**Problem**
Which lines below contain "Glide"? Copy every one of them.
*** Material for the task
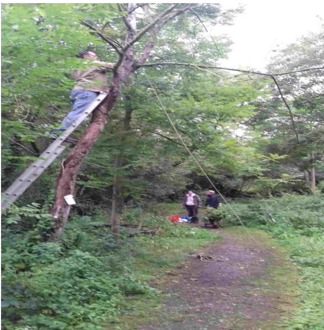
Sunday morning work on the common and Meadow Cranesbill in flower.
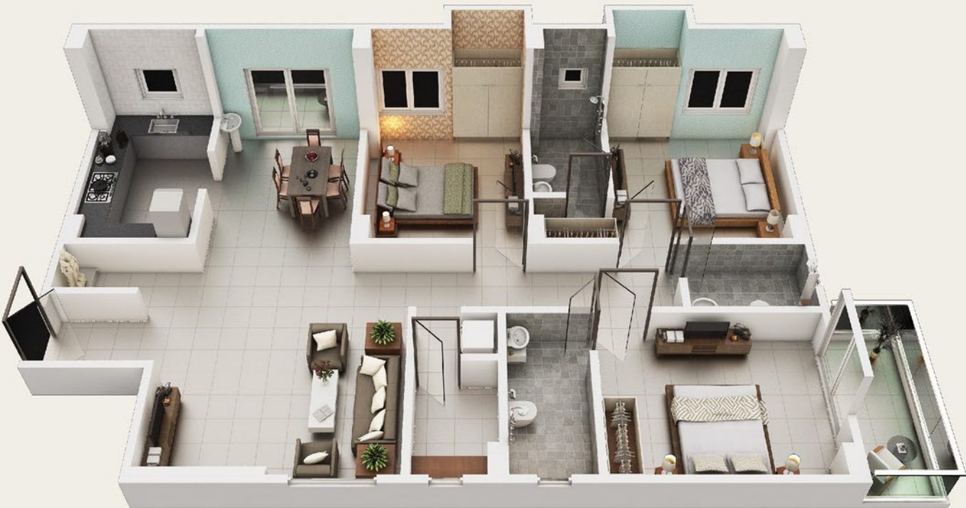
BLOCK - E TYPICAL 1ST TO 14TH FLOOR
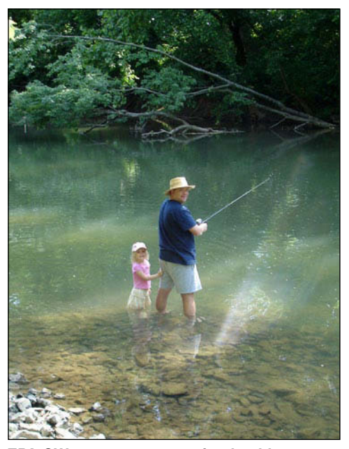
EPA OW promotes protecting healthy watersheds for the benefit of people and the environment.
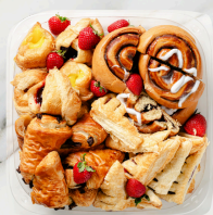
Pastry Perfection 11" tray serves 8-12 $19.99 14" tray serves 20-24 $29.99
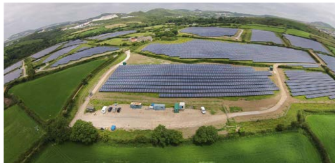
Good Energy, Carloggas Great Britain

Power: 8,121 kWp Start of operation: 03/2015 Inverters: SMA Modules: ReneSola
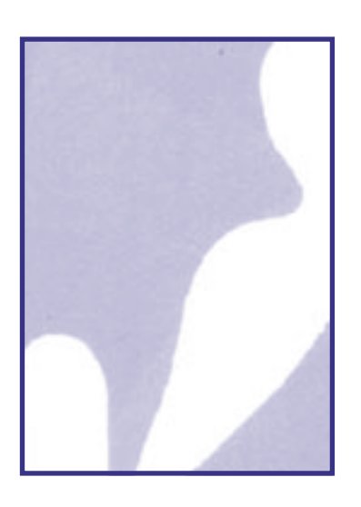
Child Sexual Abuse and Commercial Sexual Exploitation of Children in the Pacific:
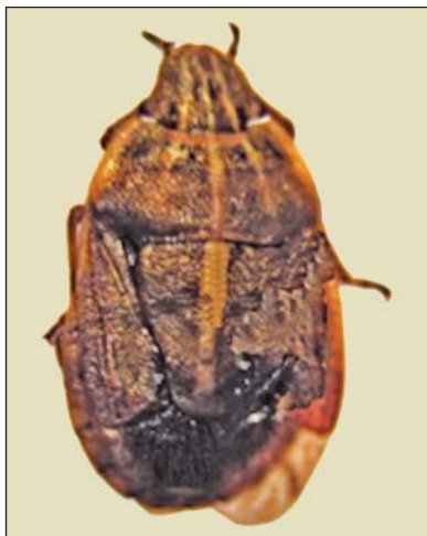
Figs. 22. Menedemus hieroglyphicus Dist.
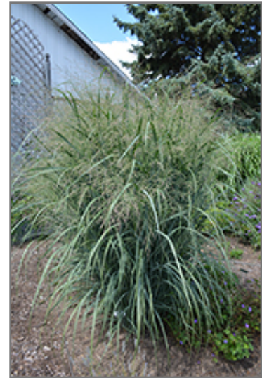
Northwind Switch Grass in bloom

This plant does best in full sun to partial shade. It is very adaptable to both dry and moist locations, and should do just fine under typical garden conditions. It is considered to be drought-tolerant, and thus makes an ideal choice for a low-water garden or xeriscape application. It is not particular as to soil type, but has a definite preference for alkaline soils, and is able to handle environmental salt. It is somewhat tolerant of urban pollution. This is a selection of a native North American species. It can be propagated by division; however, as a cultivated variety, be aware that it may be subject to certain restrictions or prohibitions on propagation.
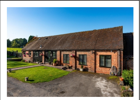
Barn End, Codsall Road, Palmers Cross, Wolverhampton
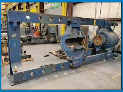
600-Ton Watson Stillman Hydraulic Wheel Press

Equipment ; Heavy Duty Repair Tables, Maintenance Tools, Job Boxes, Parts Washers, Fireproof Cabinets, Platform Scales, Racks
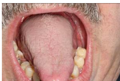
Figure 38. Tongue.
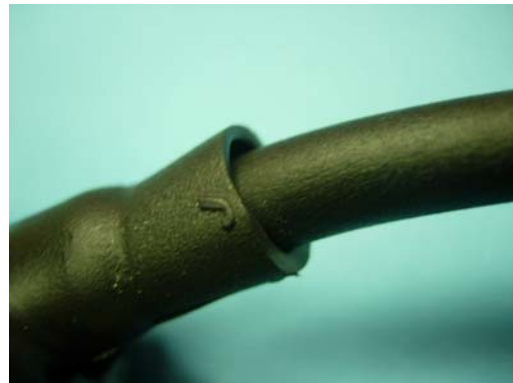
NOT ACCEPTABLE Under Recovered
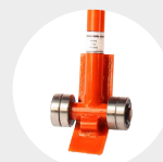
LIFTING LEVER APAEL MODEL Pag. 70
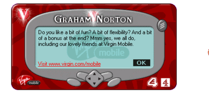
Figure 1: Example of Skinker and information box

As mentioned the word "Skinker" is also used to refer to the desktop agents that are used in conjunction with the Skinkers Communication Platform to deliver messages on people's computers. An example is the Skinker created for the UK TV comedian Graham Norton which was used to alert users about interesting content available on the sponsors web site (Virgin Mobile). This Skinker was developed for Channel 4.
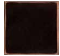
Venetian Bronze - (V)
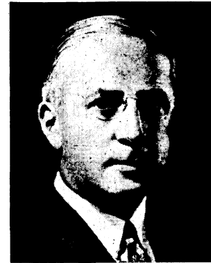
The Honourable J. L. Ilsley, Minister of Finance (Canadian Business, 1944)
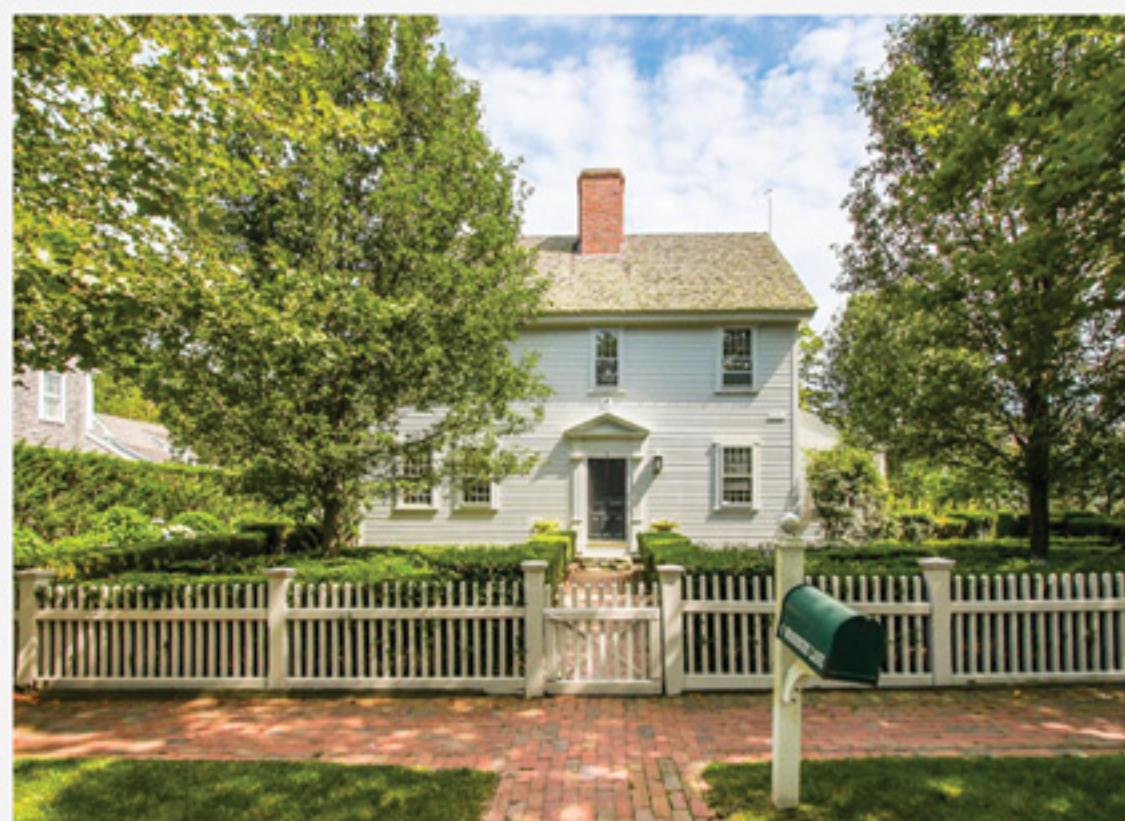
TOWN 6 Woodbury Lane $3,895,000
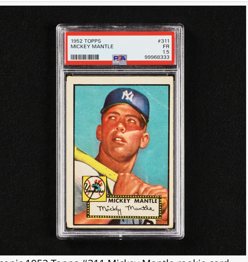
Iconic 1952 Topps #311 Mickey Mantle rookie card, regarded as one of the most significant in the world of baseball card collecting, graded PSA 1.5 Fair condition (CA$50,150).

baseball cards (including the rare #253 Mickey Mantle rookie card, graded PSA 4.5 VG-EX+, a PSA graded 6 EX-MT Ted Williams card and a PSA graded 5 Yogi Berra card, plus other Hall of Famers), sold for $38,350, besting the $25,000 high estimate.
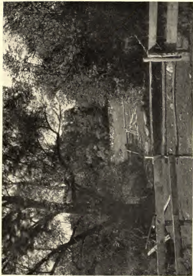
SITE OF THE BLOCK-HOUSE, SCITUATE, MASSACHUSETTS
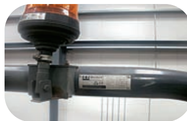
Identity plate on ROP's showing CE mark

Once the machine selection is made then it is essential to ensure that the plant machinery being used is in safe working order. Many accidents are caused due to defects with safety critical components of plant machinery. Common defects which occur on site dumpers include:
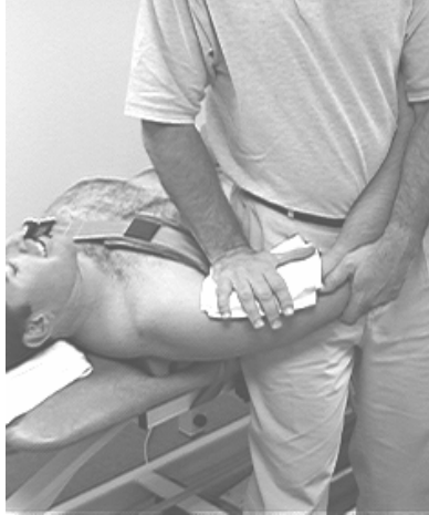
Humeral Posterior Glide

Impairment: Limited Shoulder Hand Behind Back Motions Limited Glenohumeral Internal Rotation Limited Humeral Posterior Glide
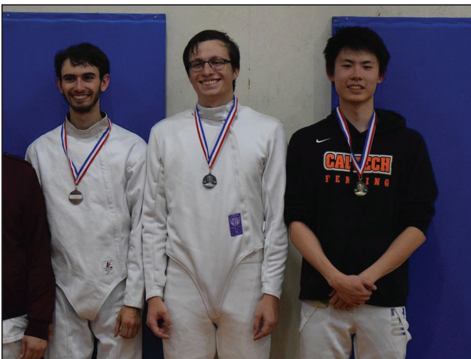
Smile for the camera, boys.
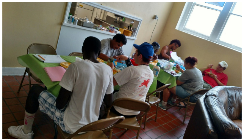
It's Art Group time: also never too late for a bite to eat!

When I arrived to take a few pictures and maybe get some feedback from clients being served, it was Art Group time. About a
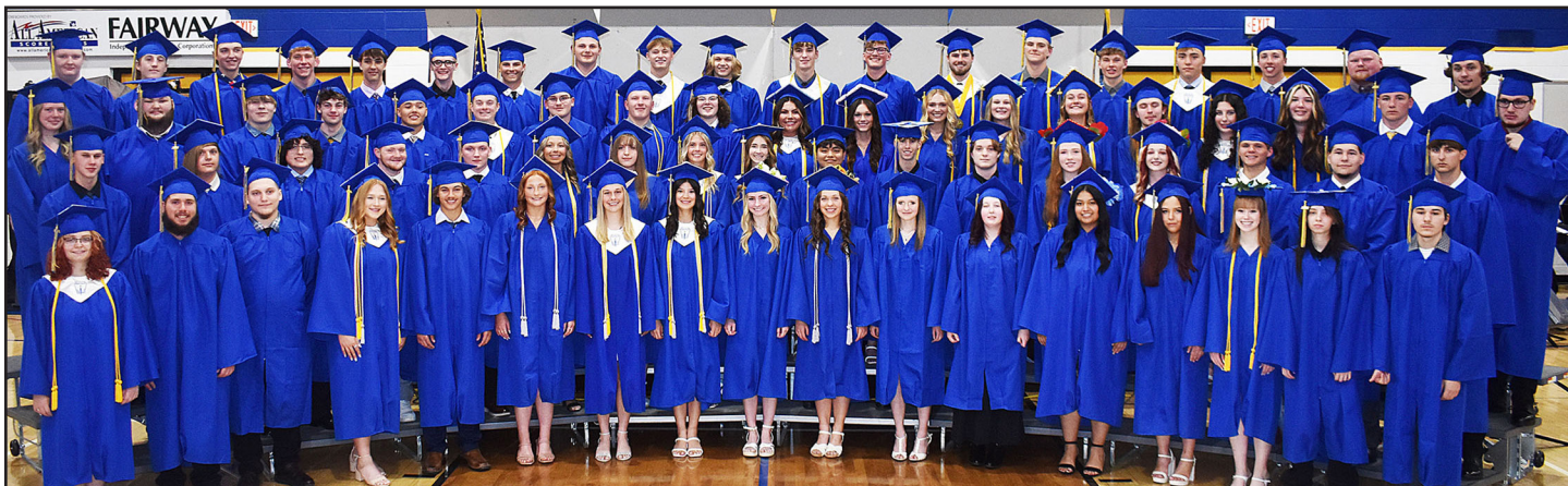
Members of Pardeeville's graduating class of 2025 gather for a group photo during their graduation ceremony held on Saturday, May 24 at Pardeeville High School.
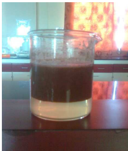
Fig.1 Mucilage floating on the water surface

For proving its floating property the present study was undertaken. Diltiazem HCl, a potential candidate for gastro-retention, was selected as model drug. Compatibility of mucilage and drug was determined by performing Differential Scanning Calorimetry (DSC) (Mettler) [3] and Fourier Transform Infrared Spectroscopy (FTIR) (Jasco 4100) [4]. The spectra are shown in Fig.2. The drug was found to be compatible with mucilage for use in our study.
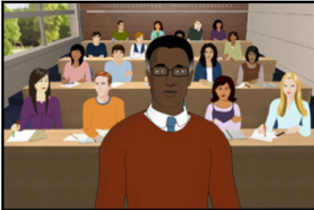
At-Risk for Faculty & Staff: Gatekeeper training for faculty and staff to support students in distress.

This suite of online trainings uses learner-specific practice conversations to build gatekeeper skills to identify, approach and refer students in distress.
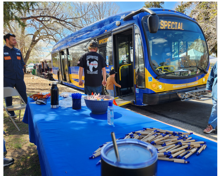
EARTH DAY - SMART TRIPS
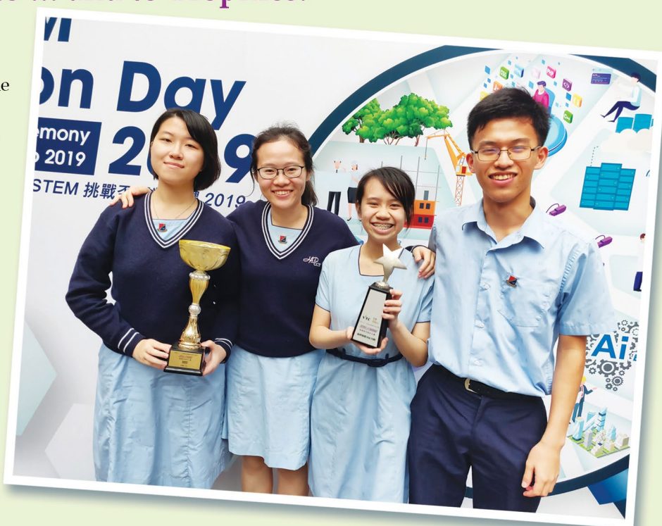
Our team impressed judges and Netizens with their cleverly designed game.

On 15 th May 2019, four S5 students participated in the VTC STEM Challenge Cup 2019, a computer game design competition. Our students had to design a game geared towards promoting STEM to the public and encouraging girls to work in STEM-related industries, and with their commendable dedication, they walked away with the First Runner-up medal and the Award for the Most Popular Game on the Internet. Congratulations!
******
**Your solution**
Humeral Posterior Glide
Impairment: Limited Shoulder Hand Behind Back Motions Limited Glenohumeral Internal Rotation Limited Humeral Posterior Glide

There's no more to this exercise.